* _STORED DATA_

::::::

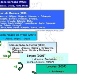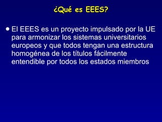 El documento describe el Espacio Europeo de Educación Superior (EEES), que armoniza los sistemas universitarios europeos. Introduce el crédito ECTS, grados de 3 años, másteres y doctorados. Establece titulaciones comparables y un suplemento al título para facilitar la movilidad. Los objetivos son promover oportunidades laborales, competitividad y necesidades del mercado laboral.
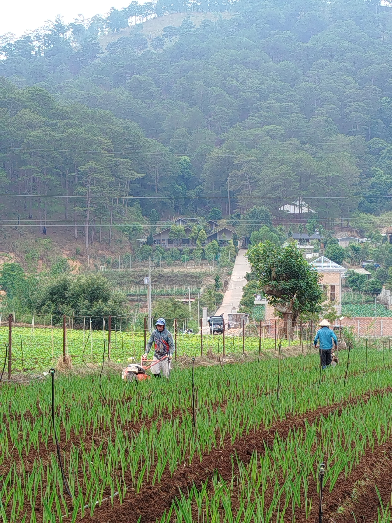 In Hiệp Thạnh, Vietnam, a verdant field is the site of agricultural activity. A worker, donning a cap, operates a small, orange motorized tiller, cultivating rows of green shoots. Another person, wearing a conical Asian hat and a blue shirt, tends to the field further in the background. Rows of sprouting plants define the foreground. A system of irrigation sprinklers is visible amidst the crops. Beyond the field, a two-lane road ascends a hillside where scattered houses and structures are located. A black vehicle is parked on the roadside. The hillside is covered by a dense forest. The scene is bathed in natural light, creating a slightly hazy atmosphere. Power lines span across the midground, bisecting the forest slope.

::::::

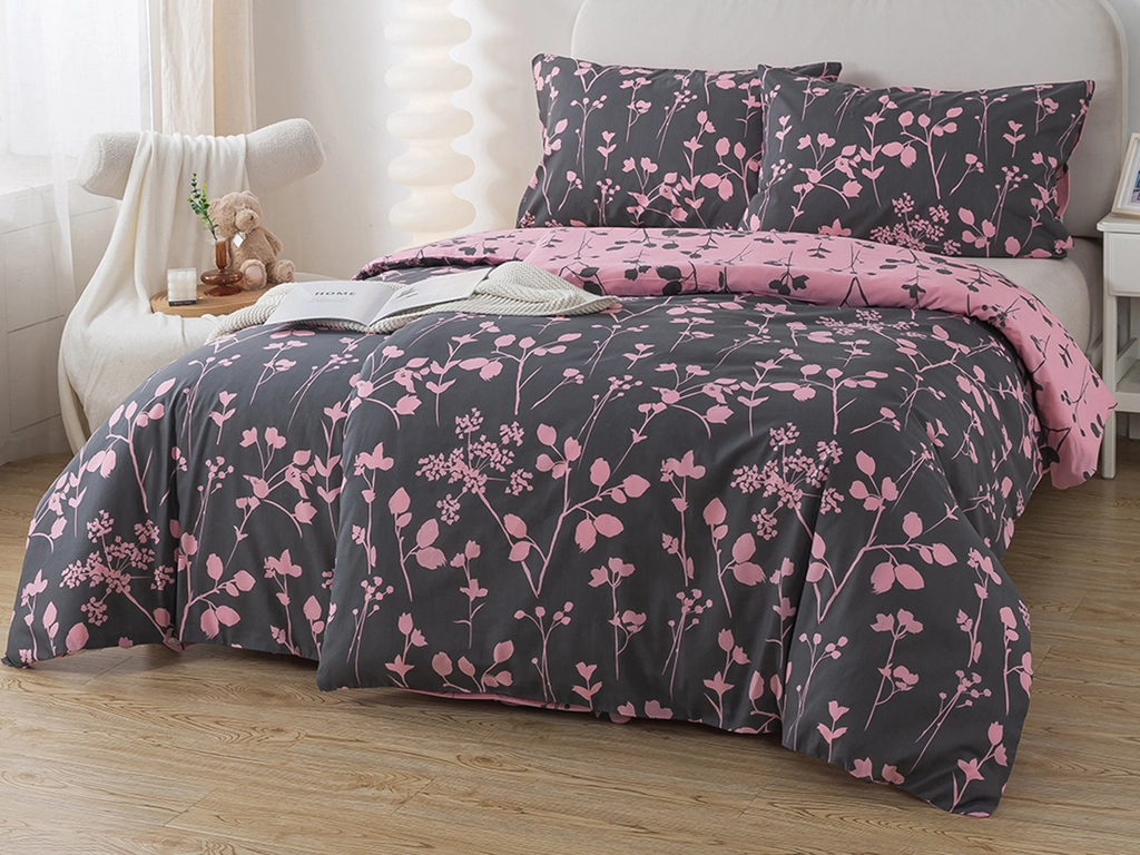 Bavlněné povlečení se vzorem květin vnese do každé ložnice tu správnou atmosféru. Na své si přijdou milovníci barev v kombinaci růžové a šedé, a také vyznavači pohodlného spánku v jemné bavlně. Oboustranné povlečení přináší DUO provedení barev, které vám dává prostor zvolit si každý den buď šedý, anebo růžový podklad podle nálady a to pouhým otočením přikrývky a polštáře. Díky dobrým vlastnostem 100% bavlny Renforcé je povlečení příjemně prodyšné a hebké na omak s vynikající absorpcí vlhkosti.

::::::

What is needed is an exact copy of the lines above from the one with "El documento describe" to the one with "In Hiệp Thạnh, Vietnam, a", both ends kept, and nothing more; please leave the pictures out.

* _ANSWER BELOW_
 El documento describe el Espacio Europeo de Educación Superior (EEES), que armoniza los sistemas universitarios europeos. Introduce el crédito ECTS, grados de 3 años, másteres y doctorados. Establece titulaciones comparables y un suplemento al título para facilitar la movilidad. Los objetivos son promover oportunidades laborales, competitividad y necesidades del mercado laboral.
 In Hiệp Thạnh, Vietnam, a verdant field is the site of agricultural activity. A worker, donning a cap, operates a small, orange motorized tiller, cultivating rows of green shoots. Another person, wearing a conical Asian hat and a blue shirt, tends to the field further in the background. Rows of sprouting plants define the foreground. A system of irrigation sprinklers is visible amidst the crops. Beyond the field, a two-lane road ascends a hillside where scattered houses and structures are located. A black vehicle is parked on the roadside. The hillside is covered by a dense forest. The scene is bathed in natural light, creating a slightly hazy atmosphere. Power lines span across the midground, bisecting the forest slope.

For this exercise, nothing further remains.